■ Exercise material ■
::::::::

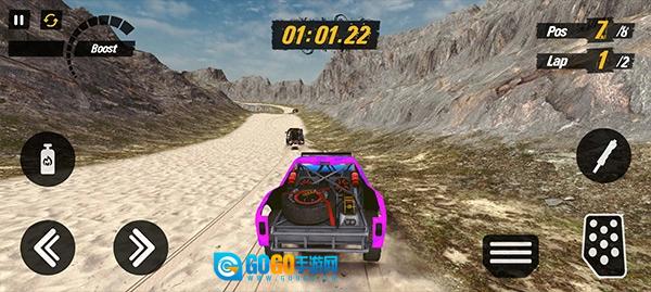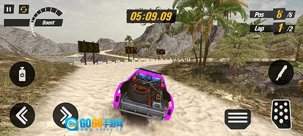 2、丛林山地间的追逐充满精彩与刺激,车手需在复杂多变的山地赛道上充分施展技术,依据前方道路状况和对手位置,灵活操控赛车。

::::::::

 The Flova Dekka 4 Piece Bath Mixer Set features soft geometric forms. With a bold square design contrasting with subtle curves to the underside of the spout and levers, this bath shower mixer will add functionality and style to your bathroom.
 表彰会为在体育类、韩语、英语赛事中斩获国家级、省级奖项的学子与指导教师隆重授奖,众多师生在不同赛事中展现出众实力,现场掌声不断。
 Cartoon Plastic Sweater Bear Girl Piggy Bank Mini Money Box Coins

::::::::

■ Task instructions ■
Retype only the lines above between the line with "The Flova Dekka" and the line with "Cartoon Plastic Sweater", counting those two lines as well, and keep every character as it is.

■ Task output ■
 The Flova Dekka 4 Piece Bath Mixer Set features soft geometric forms. With a bold square design contrasting with subtle curves to the underside of the spout and levers, this bath shower mixer will add functionality and style to your bathroom.
 表彰会为在体育类、韩语、英语赛事中斩获国家级、省级奖项的学子与指导教师隆重授奖,众多师生在不同赛事中展现出众实力,现场掌声不断。
 Cartoon Plastic Sweater Bear Girl Piggy Bank Mini Money Box Coins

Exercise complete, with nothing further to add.